● **Given data**:
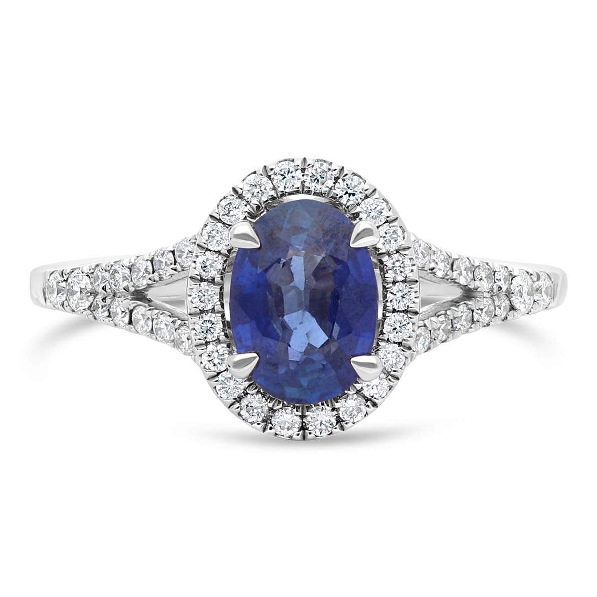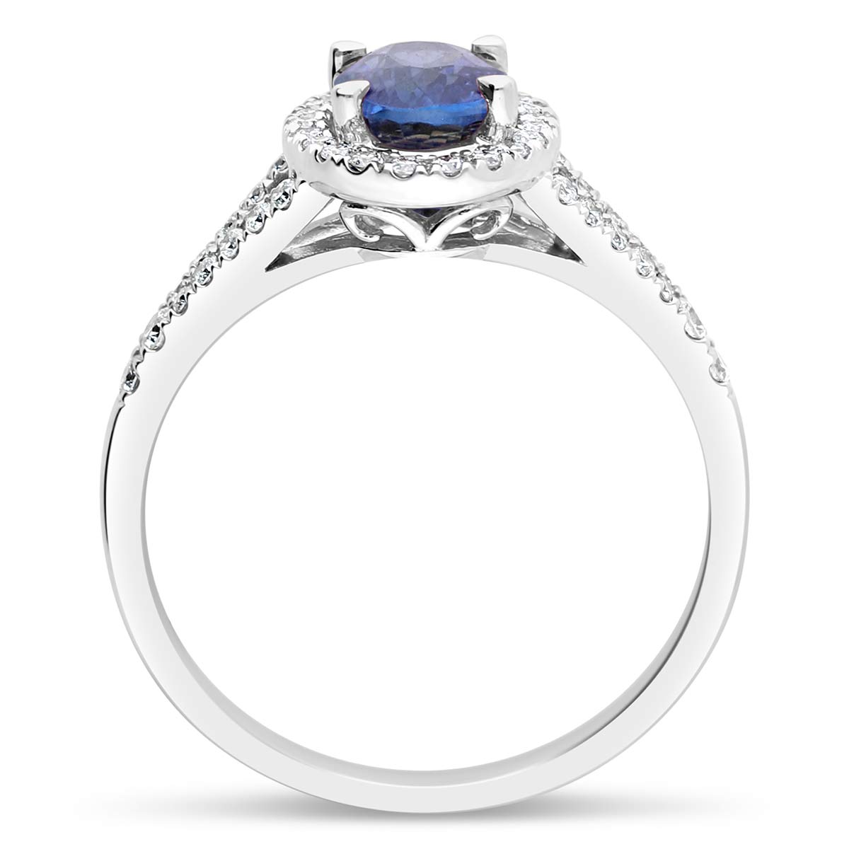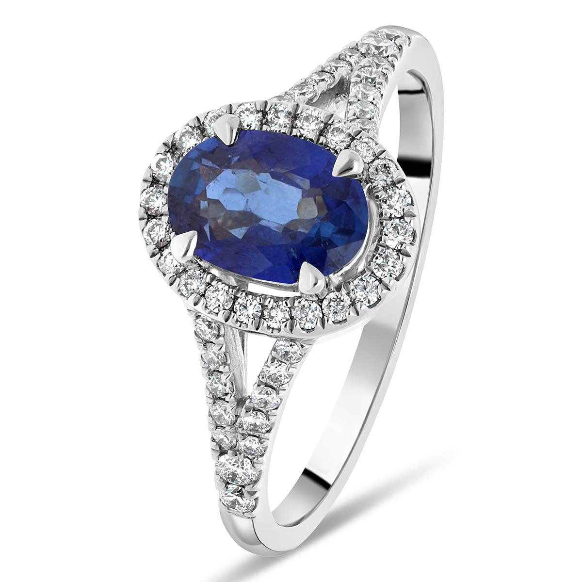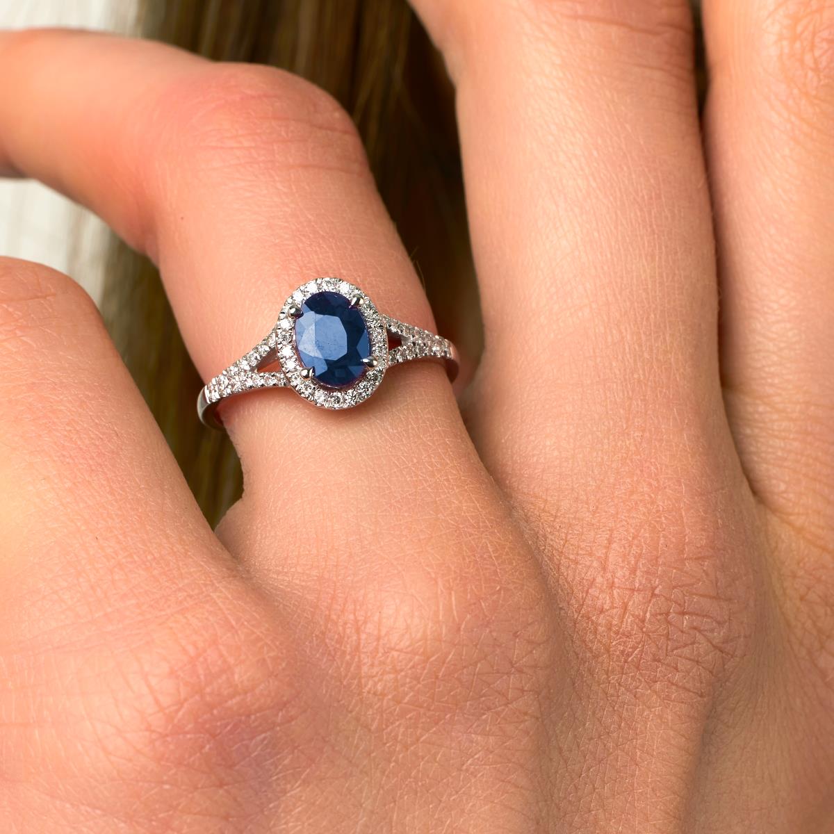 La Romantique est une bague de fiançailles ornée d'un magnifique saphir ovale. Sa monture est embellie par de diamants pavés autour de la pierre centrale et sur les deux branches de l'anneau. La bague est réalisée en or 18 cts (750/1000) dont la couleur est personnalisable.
---
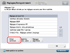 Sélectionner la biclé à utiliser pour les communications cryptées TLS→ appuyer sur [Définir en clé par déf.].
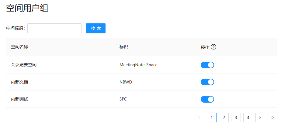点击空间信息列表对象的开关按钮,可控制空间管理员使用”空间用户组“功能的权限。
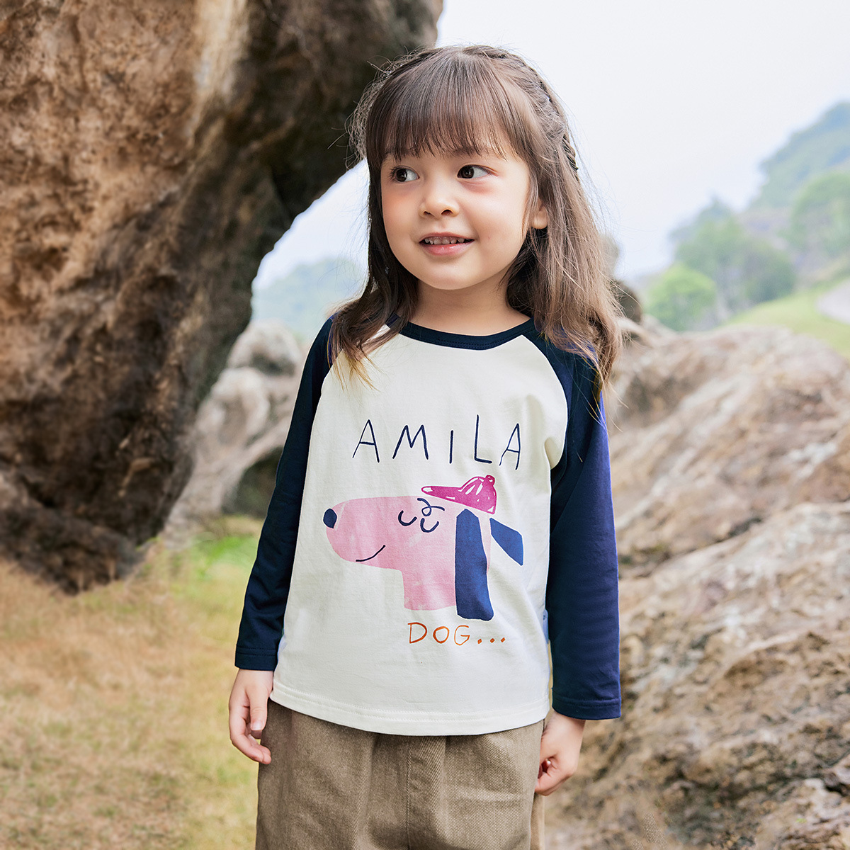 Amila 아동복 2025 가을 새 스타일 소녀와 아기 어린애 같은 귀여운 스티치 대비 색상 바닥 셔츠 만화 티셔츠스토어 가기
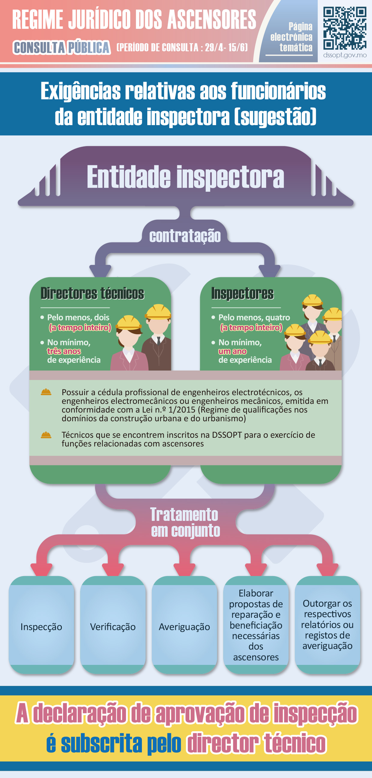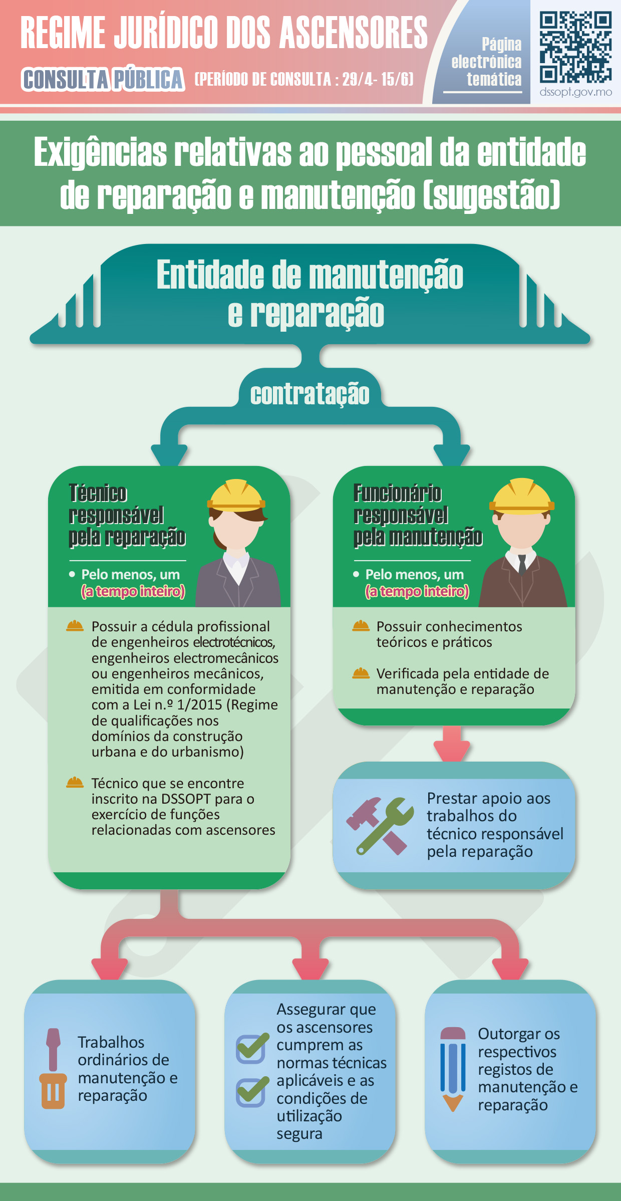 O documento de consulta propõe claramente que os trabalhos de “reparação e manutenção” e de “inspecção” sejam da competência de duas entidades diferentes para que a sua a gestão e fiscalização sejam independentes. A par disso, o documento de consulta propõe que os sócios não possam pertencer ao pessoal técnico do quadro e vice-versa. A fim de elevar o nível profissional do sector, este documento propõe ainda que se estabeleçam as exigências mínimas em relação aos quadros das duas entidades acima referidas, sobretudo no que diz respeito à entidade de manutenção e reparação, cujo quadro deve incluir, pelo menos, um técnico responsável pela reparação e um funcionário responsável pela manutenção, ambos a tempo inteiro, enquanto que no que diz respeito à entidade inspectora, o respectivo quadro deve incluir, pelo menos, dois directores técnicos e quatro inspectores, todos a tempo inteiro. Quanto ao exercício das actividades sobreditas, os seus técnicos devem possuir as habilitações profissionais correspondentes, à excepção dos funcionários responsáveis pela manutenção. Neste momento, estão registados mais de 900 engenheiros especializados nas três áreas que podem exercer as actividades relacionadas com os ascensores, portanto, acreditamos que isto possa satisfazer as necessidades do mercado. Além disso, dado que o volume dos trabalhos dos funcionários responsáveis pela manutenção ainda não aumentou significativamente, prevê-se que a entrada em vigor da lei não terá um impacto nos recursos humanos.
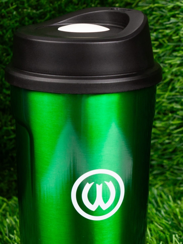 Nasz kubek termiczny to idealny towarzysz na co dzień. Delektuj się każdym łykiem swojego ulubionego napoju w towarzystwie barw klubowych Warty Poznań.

● **To do**: Give again, exactly as written above, each line from the one that has "Sélectionner la biclé" to the one that has "Amila 아동복 2025", both included; omit the pictures.

● **Task response**:
 Sélectionner la biclé à utiliser pour les communications cryptées TLS→ appuyer sur [Définir en clé par déf.].
点击空间信息列表对象的开关按钮,可控制空间管理员使用”空间用户组“功能的权限。
 Amila 아동복 2025 가을 새 스타일 소녀와 아기 어린애 같은 귀여운 스티치 대비 색상 바닥 셔츠 만화 티셔츠스토어 가기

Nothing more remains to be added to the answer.